There’s no title at the beginning of Avatar, and no opening credits either. It’s just the Fox logo and fanfare and it starts, wham — an overheard moving shot of the Pandoran forest as Jake’s murmured narration kicks in, and we’re off to the races.
Films occasionally begin without a title sequence but not many. No titles is a way of saying to the audience. “You’re in for something ambitious, no fooling around…get ready.” Somehow it wouldn’t play if Paul Blart Mall Cop or Fifty First Dates didn’t have them. It has be a major-type film from a name director or the conceit doesn’t work.
The first film to play without any opening titles was Francis Coppola‘s Apocalypse Now (1979). It was mildly startling (in a cool way, of course) when Coppola introduced this 30-odd years ago.
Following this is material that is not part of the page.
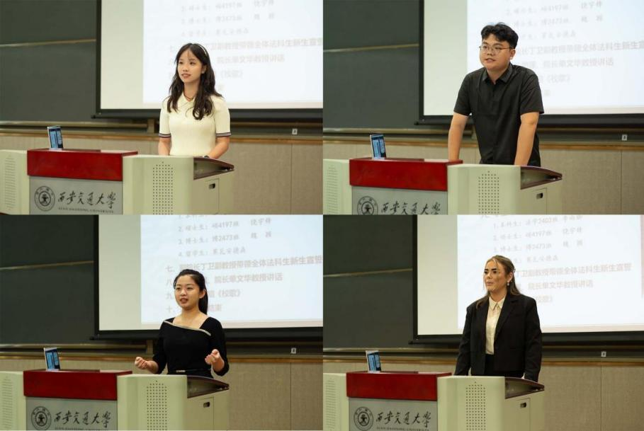 在学生代表发言环节,本科生新生代表李雨珈深情表达了对西交球友会的期待和对努力成才报国、勇挑法治建设重任的决心与毅力。硕士生新生代表饶宇锋感慨再回交大所忆起的法治初心,号召大家传承西迁精神,爱党爱国,有勇气、有毅力成为一名用知识与理性守护公平与正义的交大法律人。博士生新生代表魏颖表示,选择了交大球友会,就是选择了拥抱精彩,并对自己与所有同行的小伙伴们寄语,“朝前走吧,通天大道宽又阔”。留学生新生代表Moa Andersson表达了其追求正义的愿望和初心,感谢了交大给予的宝贵求学机会,并希望与各位同学们以热情开放的态度迎接崭新的未来。

I wonder how many films have begun this way? Not more than 15 or 20, I’m presuming. Maybe a few more than that.
Avatar and all other opening-title-free films end with closing credits, of course. It would be heresy not to do this. All the contributors need their screen time for posterity.
There was at least one film to play without any titles whatsoever, opening or closing, and that was also Apocalypse Now. The 70mm roadshow version, I mean. Closing credits were added on for the 35mm general release version.
Update: A filmmaker friend just wrote to say that “many films now have no opening credits… including two of my films. It’s a very classy approach. Some filmmakers like to have credits at the start of the films because they think an audience will be trucking out of the theater at the end; others feel that the film has to earn the right for the audience to give a fuck who made it.
“I’ll bet ya that more than half of the Oscar winners over the past, say, twenty years are end-credit films.”
I wrote back in response, “When I say no opening credits I mean no title either…..I mean no nothin’ whatsover as the film begins, like Avatar and Apocalypse Now. Are you sure this is as common as you say?”